I would definitely bottom tap the holes, It gives your stud an extra 1/4" of "bite" on the threads in your block and it doesnt take that much more than an hr. to do it right.

Lavon
 
Make sure to torque them right after you put the stud in and go in the sequence. I made a huge mistake and it's costing me a new gasket now.

I used a bottoming tap and some various extensions to tap it. I'll be tapping them again while the head is off and I have more clearance. You can install them though. But like I said...one at a time=remove bolt-put stud in-torque to factory specs then move onto next bolt/stud....ask me how I know.
 
Make sure to torque them right after you put the stud in and go in the sequence. I made a huge mistake and it's costing me a new gasket now.

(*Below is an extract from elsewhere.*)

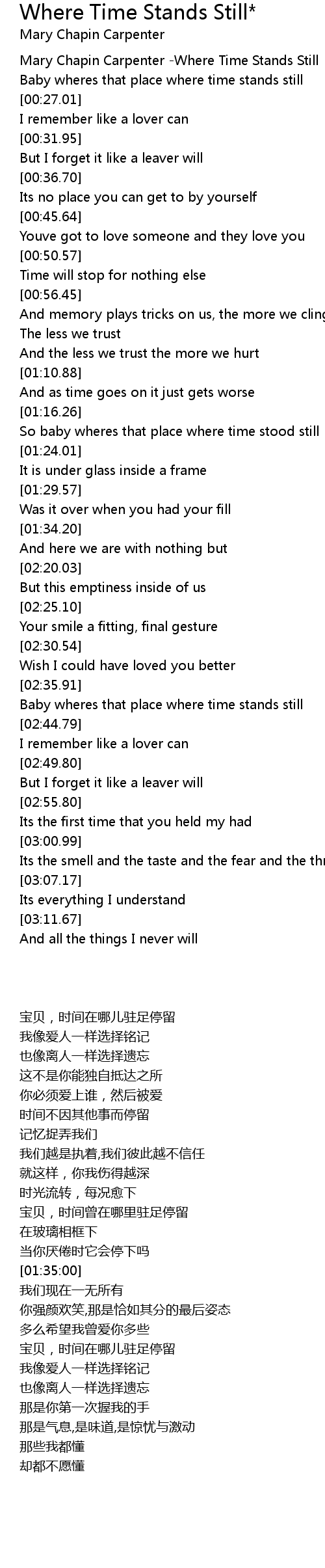 Mary Chapin Carpenter -Where Time Stands Still |

I used a bottoming tap and some various extensions to tap it. I'll be tapping them again while the head is off and I have more clearance. You can install them though. But like I said...one at a time=remove bolt-put stud in-torque to factory specs then move onto next bolt/stud....ask me how I know.
Good info to have.
Thanks :rockwoot:
....ask me how I know.
:doh: Oh well, at least you were able to pass it on to someone else so they don't make the same mistake. :Cheer:
 
work on a duramax or powerstroke... you'll be proposing marriage to those back studs in no time!
ummm i dont know about that, the back half of the motor:doh: on either truck isnt 2 inches from the top of the cowl:doh: and you dont have to drill holes in the top of the cowl:doh: either to install headbolts/studs/pushrods with the head on. and dont get me started with putting the valve cover back on and having to shove your hand between the top of the motor and insulation the get the bolts back in. but you could still manage it:woohoo: after a little time.

Joe
 
I'm not sure how hard it is on the 24v but I had no trouble at all on my 12v, and I get to do it again this weekend so I will tell you if it goes any easier 2nd time around. I took my time and wore gloves pushed the insulation up out of the way and down they went.
 
ummm i dont know about that, the back half of the motor:doh: on either truck isnt 2 inches from the top of the cowl:doh: and you dont have to drill holes in the top of the cowl:doh: either to install headbolts/studs/pushrods with the head on. and dont get me started with putting the valve cover back on and having to shove your hand between the top of the motor and insulation the get the bolts back in. but you could still manage it:woohoo: after a little time.

Joe

uhh... you gotta lift the CAB off of the frame to do studs on a Powerstroke/Ford
 
I'm not sure how hard it is on the 24v but I had no trouble at all on my 12v

X2. I did mine in the truck not to long ago and its not bad at all, even the back ones are easy to get to I think. But thats on a 12V and I cant see a 24V being much harder if any
 
X2. I did mine in the truck not to long ago and its not bad at all, even the back ones are easy to get to I think. But thats on a 12V and I cant see a 24V being much harder if any

ah the 24v is the same, its not hard. just hated taking off the rockers but their not bad either. If they couldjust move that one bolt over a little :bang I blew mine out with air also, its messy, just stick a rag over the air and hole and youll be fine. I didnt tap mine out either, prolly should of.
 
I would recomend vaccuming out the holes as opposed to hitting them with compressed air, I did the air first and then decided to go back with the vaccum and I got a lot more contaminates out with the vaccum. Just tape a straw or 1' long piece of 3/8" copper tubing to the end of a shop vac hose.